The Bexar County Judge
Sakai won election as Bexar County Judge in November of 2022, and was sworn in on January 1, 2023—appropriately, by his old law school mentor, Judge Orlando Garcia. His immediate goals are lofty: create a public Internet Utility to expand high-speed internet accessibility to all Bexar County residents; create a Public Health Division for emergency readiness for public health crises like pandemics, natural disasters, and terrorist attacks; provide more beds for those with mental illness; support mental health resources in the schools; bring a robust jury system back on line and move cases along; and, certainly not least, facilitate voter registration and easy access to the polls.
During Judge Sakai’s first eighteen months on the job, the County has already accomplished a lot: JCB, the world’s largest privately owned manufacturer of construction and agricultural equipment, is building a new factory on the South Side, adding an estimated 1,500 jobs. Industrial Commercial Properties will take over the old Rackspace headquarters on Walzem Road, for mixed use, retail, and light industrial use. There are fifty new Bexar County deputy positions with a substantial pay hike for Sheriff’s officers, and a joint project with the City of San Antonio’s law enforcement officers to come up with more than thirty actions to address violent crime. The County has contributed more than $30 million to the Spurs, UTSA, and Texas A&M San Antonio. More funding is being secured for beds to house the mentally ill, rather than placing them in jail. Another $20 million has been provided to area school districts to address mental health concerns stemming from the pandemic’s aftermath.

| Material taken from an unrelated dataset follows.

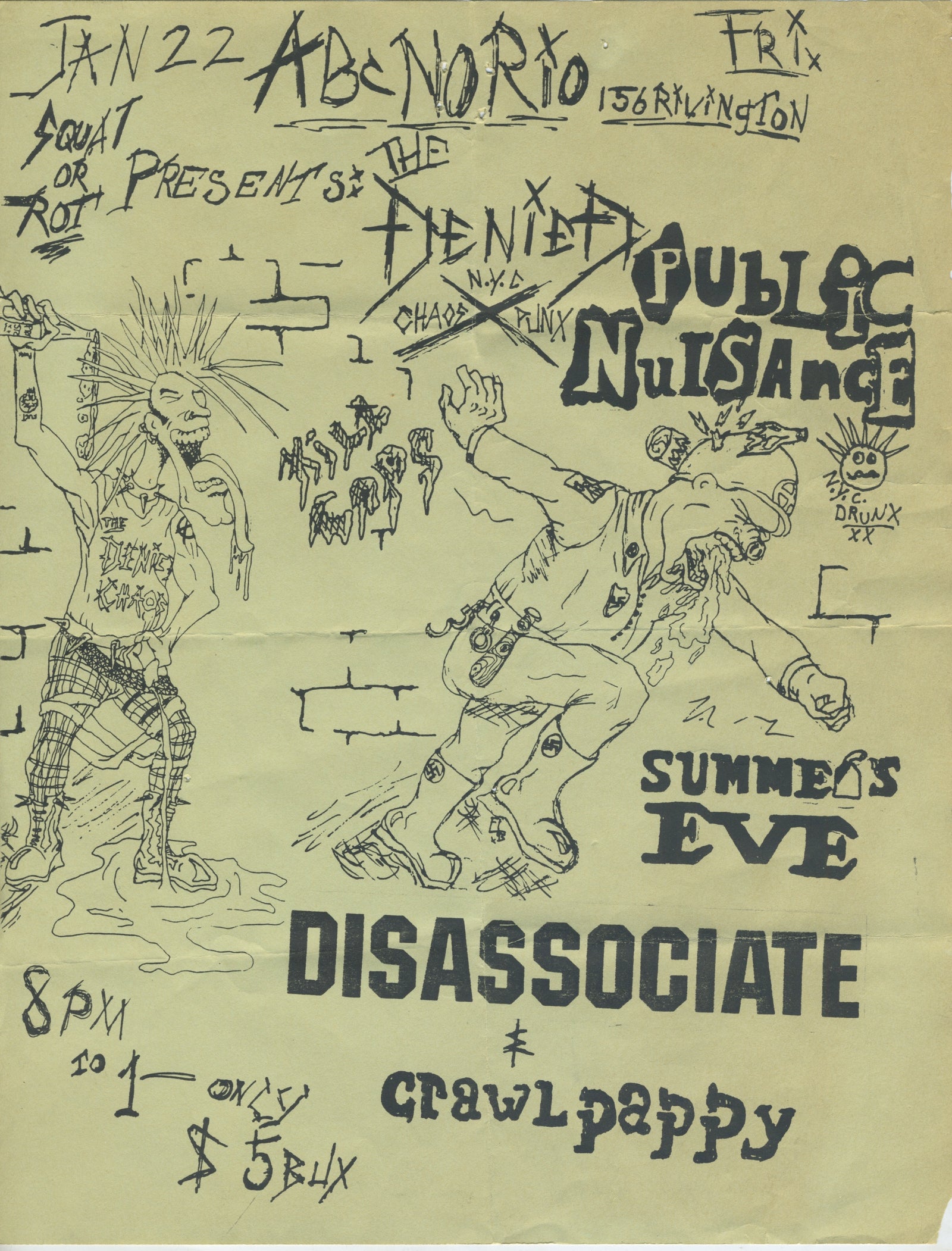 $124.99 USDVintage The Denied Public Nuisance Summer's Eve Disassociate Crawlpappy "Squat Or Rot" ABC No Rio Show Flyer
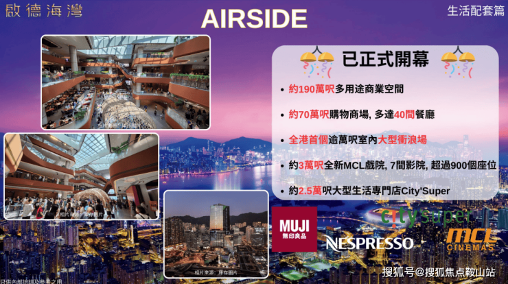 作为港府未来的新盘供应重地,启德跑道区由九大发展商联手打造,坐拥千亿投资配套。启德区有商场食肆,大型商场AIRSIDE也已开幕,设有过万呎美食广场,还有戏院及多个国际品牌进驻,基本上可以满足到区内住客需要。

Though his softball playing days are behind him, he still listens to the AM radio hits of the Sixties and Seventies. He also relaxes by reading his favorite biographies and watching sports. He’s been to several quinceaneras and every Fiesta event he could get to, and he can trade notes with you on the best Mexican food places on the South Side of San Antonio. He’s doing the same job he’s done his whole career: trying to do what’s best for families. There’s a lot more families now, and he’s up for the task.